Exercise objective:
In the data, find the word "habilidades" and copy out every line that has it.

Extracted data entries:
• • •

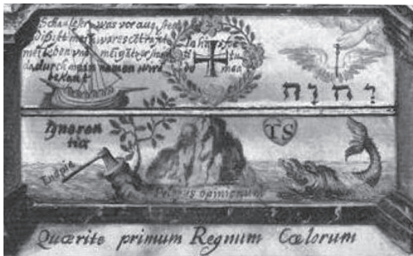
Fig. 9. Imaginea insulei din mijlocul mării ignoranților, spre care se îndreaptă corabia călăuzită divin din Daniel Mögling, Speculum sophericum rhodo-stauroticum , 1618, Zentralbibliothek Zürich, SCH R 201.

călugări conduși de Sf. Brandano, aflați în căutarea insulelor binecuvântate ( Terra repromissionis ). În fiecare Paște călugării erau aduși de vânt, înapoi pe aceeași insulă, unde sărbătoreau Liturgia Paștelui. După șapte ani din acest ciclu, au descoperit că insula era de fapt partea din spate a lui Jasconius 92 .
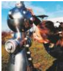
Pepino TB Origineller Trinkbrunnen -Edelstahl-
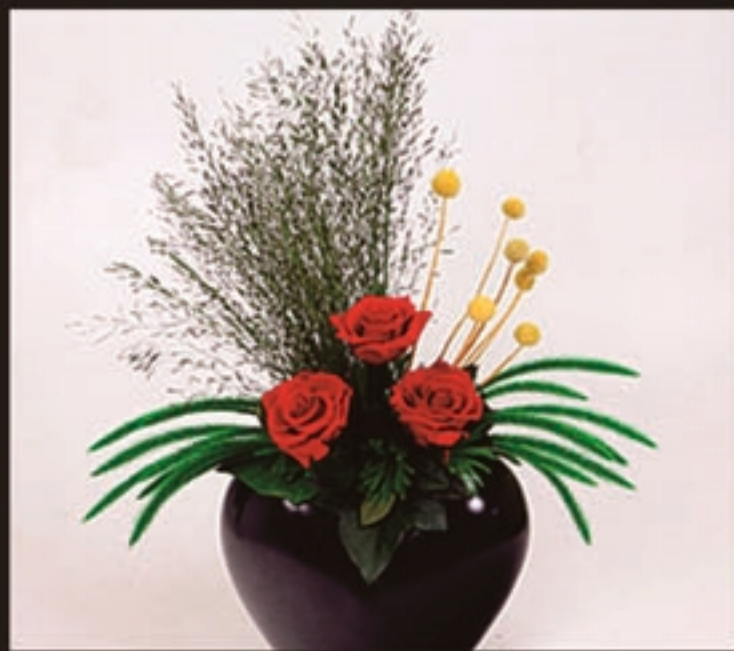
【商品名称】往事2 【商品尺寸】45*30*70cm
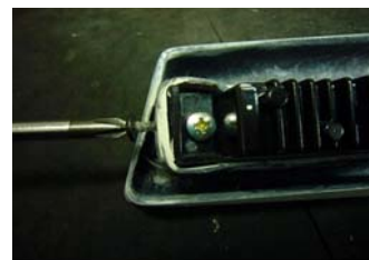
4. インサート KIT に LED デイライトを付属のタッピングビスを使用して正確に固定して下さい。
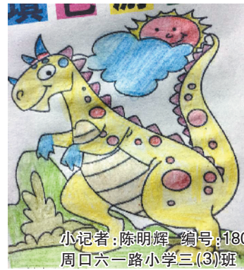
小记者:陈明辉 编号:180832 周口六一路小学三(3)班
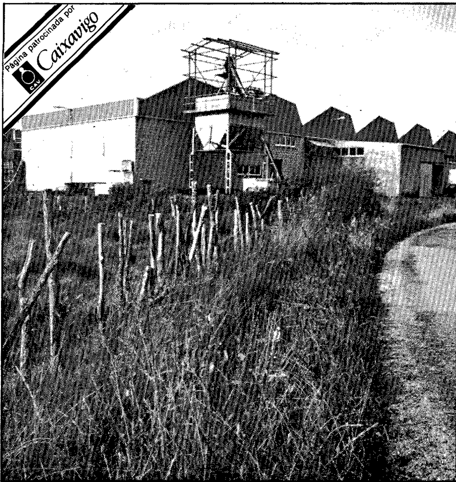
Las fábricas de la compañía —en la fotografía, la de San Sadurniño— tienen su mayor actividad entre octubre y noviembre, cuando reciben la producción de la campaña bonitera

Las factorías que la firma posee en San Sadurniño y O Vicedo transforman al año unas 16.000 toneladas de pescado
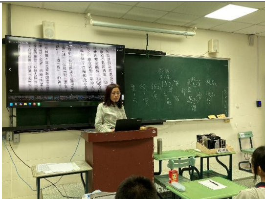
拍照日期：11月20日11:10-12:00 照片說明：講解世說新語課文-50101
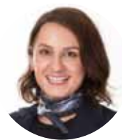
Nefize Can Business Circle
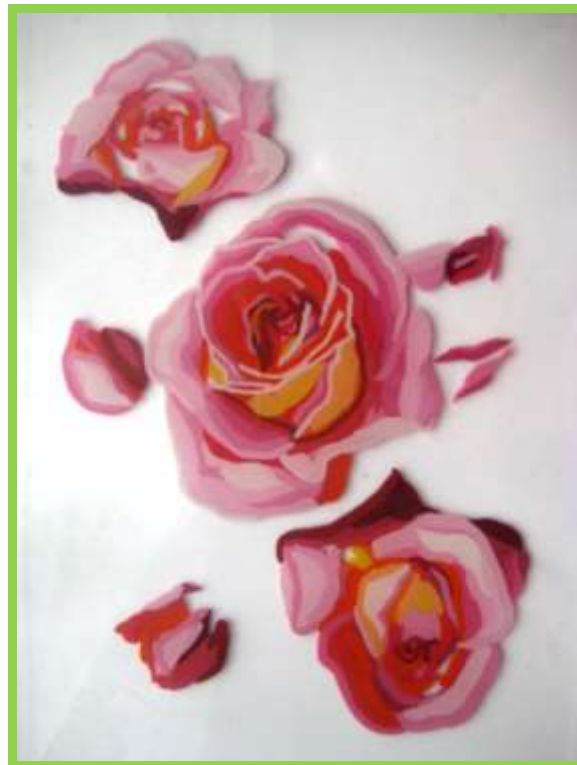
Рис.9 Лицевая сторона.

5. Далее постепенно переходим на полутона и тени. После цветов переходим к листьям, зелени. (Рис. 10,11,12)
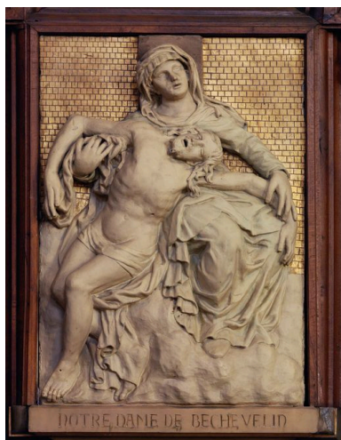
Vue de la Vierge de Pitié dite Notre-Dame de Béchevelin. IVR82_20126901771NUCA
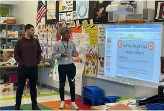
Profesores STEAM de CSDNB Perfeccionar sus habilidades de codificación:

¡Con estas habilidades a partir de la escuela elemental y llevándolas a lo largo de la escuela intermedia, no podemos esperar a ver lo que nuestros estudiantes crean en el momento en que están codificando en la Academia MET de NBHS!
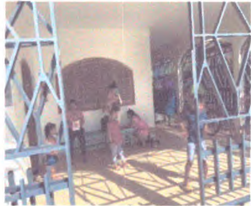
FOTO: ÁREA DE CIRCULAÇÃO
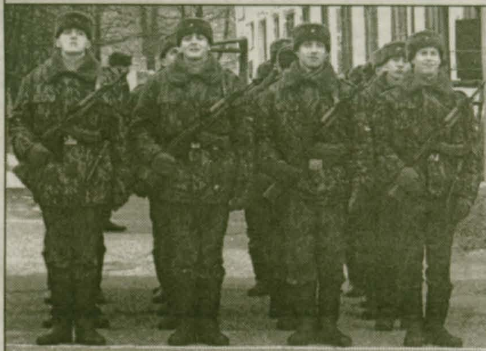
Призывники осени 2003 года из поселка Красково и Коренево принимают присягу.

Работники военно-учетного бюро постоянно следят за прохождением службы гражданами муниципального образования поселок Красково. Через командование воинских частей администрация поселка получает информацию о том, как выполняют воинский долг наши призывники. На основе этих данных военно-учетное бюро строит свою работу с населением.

• • •

Output below:
Profesores STEAM de CSDNB Perfeccionar sus habilidades de codificación:
¡Con estas habilidades a partir de la escuela elemental y llevándolas a lo largo de la escuela intermedia, no podemos esperar a ver lo que nuestros estudiantes crean en el momento en que están codificando en la Academia MET de NBHS!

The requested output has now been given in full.